Topic
Diversity, Disagreement, and Information
Aggregation
Time:
14:00-15:30, September 18, 2024
Venue:
Room 623, Mingde Main Building
Speaker:
Cheng Xienan, Postdoctoral Researcher at
Guanghua School of Management, Peking University
Host:
Zhao Wei, Assistant Professor at the School
of Economics, Renmin University of China
Abstract
Two imperfectly informed experts are hired
to advise a decision maker. The experts are assumed to report their private
information truthfully. In this paper we compare the informativeness of
different joint (conditional on the true state) distributions of the experts’
private signals, keeping the conditional marginal distribution of each expert’s
private signal given and fixed. Our comparisons use Blackwell’s (Blackwell,
1951) notion of informativeness. We interpret “diversity” as an absence of
perfect correlation among experts’ signals. Such diversity manifests itself in
a positive probability that the experts disagree on which state of the world is
more likely the true state.

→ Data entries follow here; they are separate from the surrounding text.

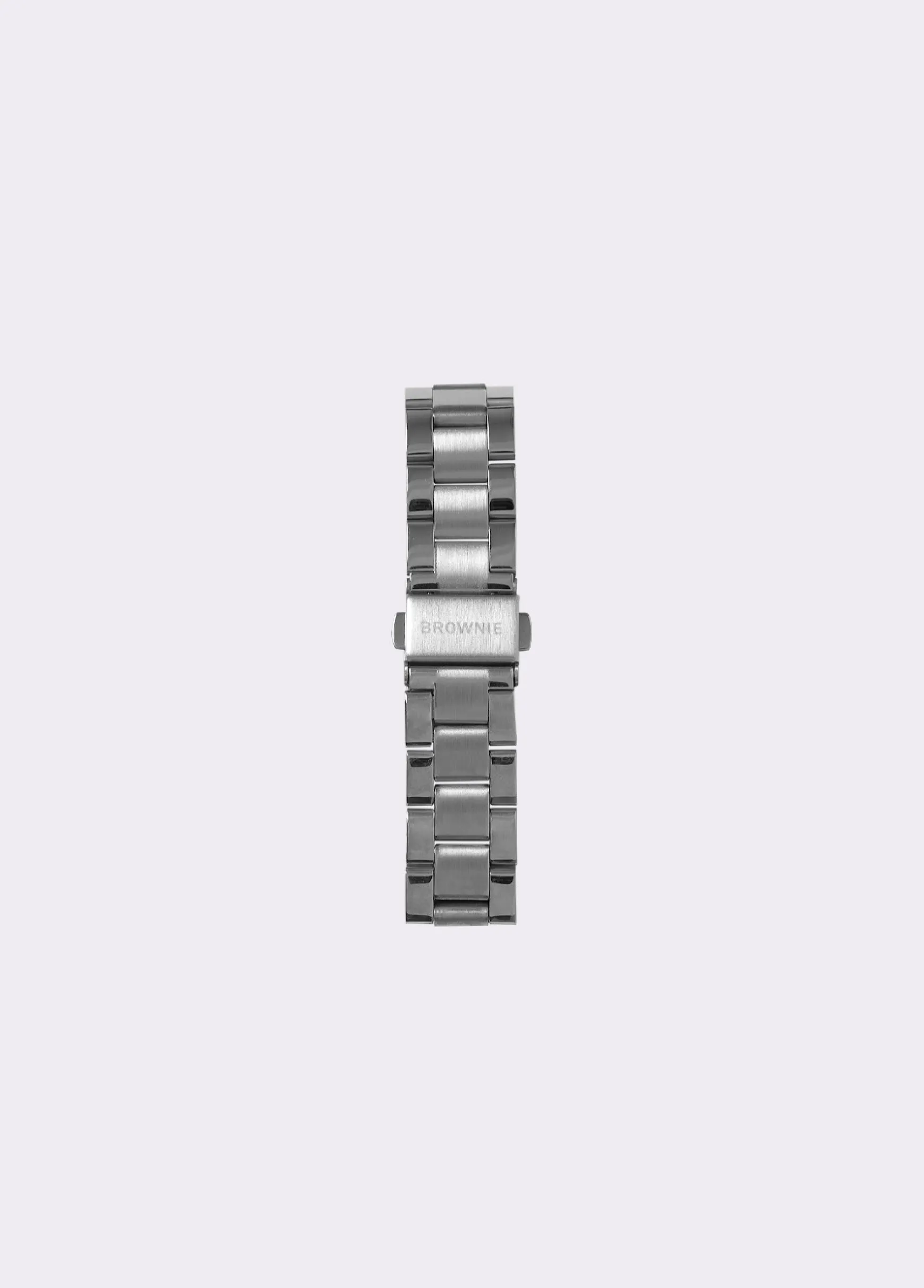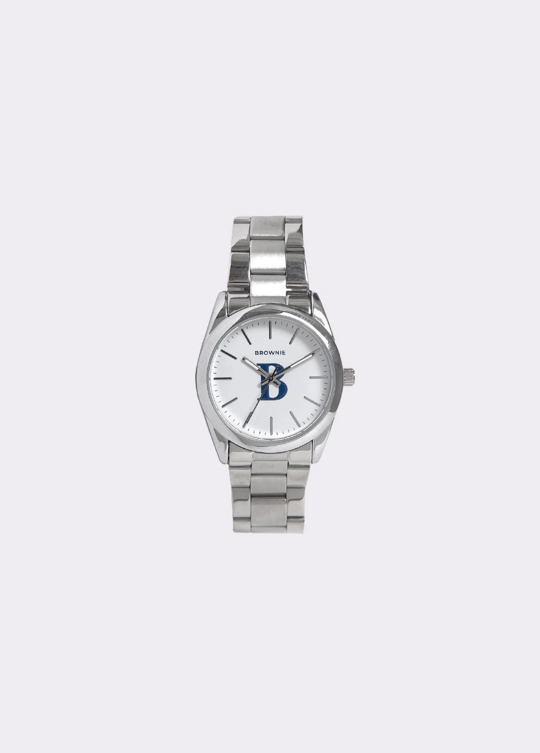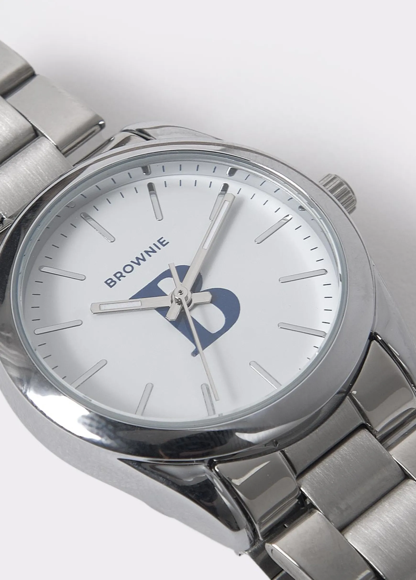 Reloj en acero inoxidable de 32 milímetros con esfera en color blanco y detalle de B en el centro.
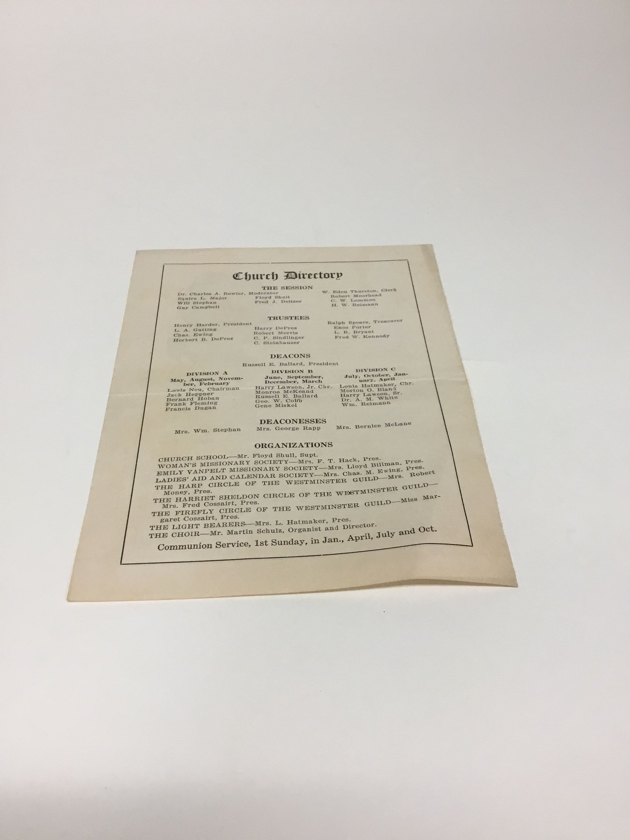 D. Church directory, possibly in 1930’s for 1st Presbyterian.
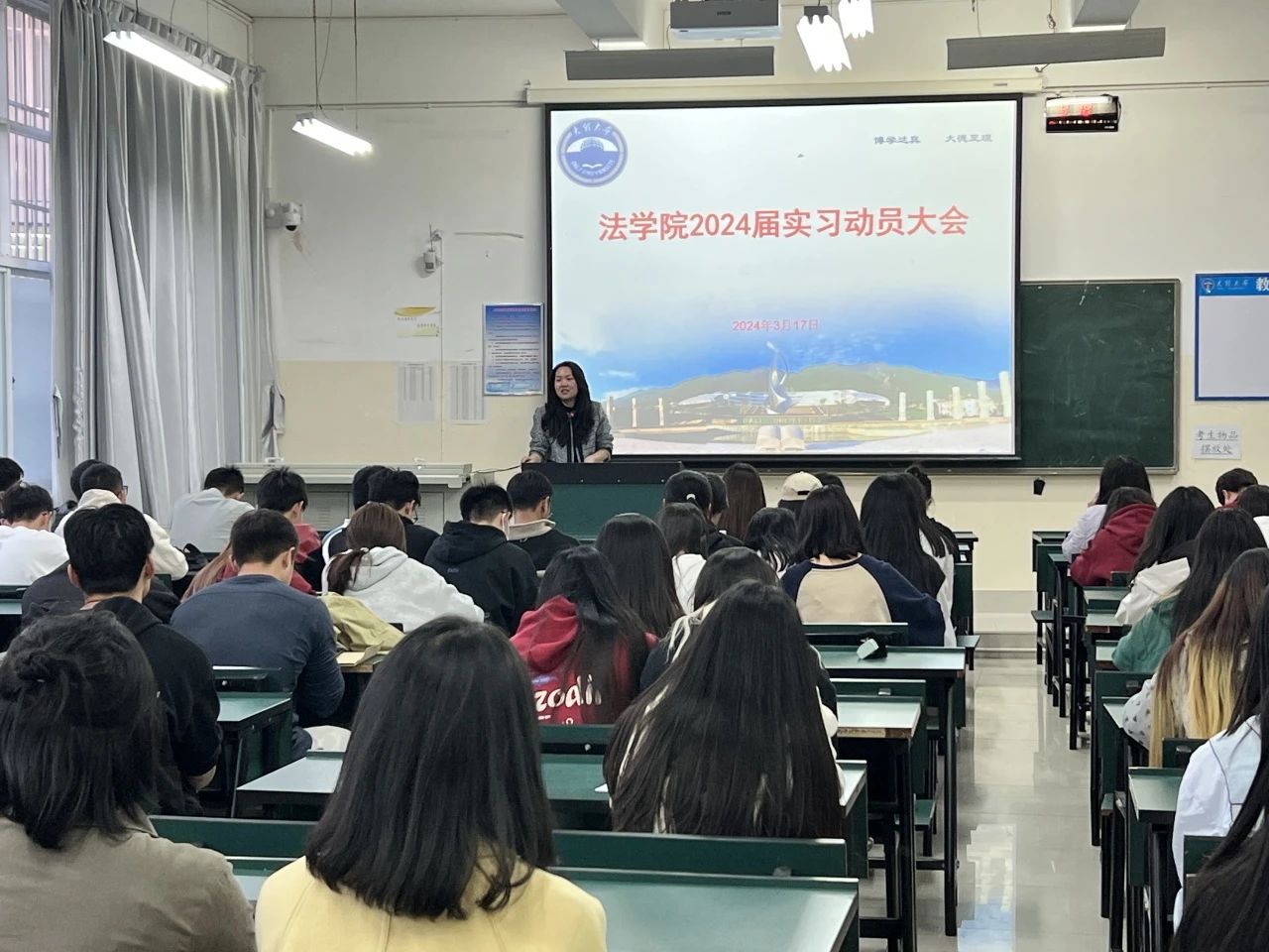 為了進一步強化2024屆畢業實習管理,確保實習工作平穩有序進行,3月17日,法學院召開了2024屆實習動員大會。本次會議由2020級班主任何瑜主持,學院分管領導、部分教師以及2020級全體師生參加。
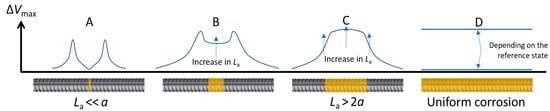 We also used a corrosion potential value of 0 V for modeling uniform corrosion as the results are used as reference states for determining the difference between microcell and macrocell corrosion. The input parameters of the Butler–Volmer equation used in this study are summarized in Table 2. The α values were selected in order to obtain B values (Stern–Geary constant, see Equation (1)) close to 26 mV for active corrosion and close to 52 mV for passive corrosion, which are the common recommended values [60]. In each section, we input one Tafel slope for the anodic reaction and one Tafel slope for the cathodic one, as both microcell and macrocell components are non-negligible values in the total current density [61,62,63].

We find that joint distributions in which experts
disagree more frequently often have an advantage over distributions in which
disagreement is observed rarely. Disagreement may thus be a manifestation of
beneficial diversity.
Introduction to the speaker
Xienan Cheng is a Thought Leadership
Post-doctoral researcher at Guanghua School of Management, Peking University.
He obtained a Ph.D. in economics from the University of Michigan. His research
area is microeconomic theory (in particular, information economics).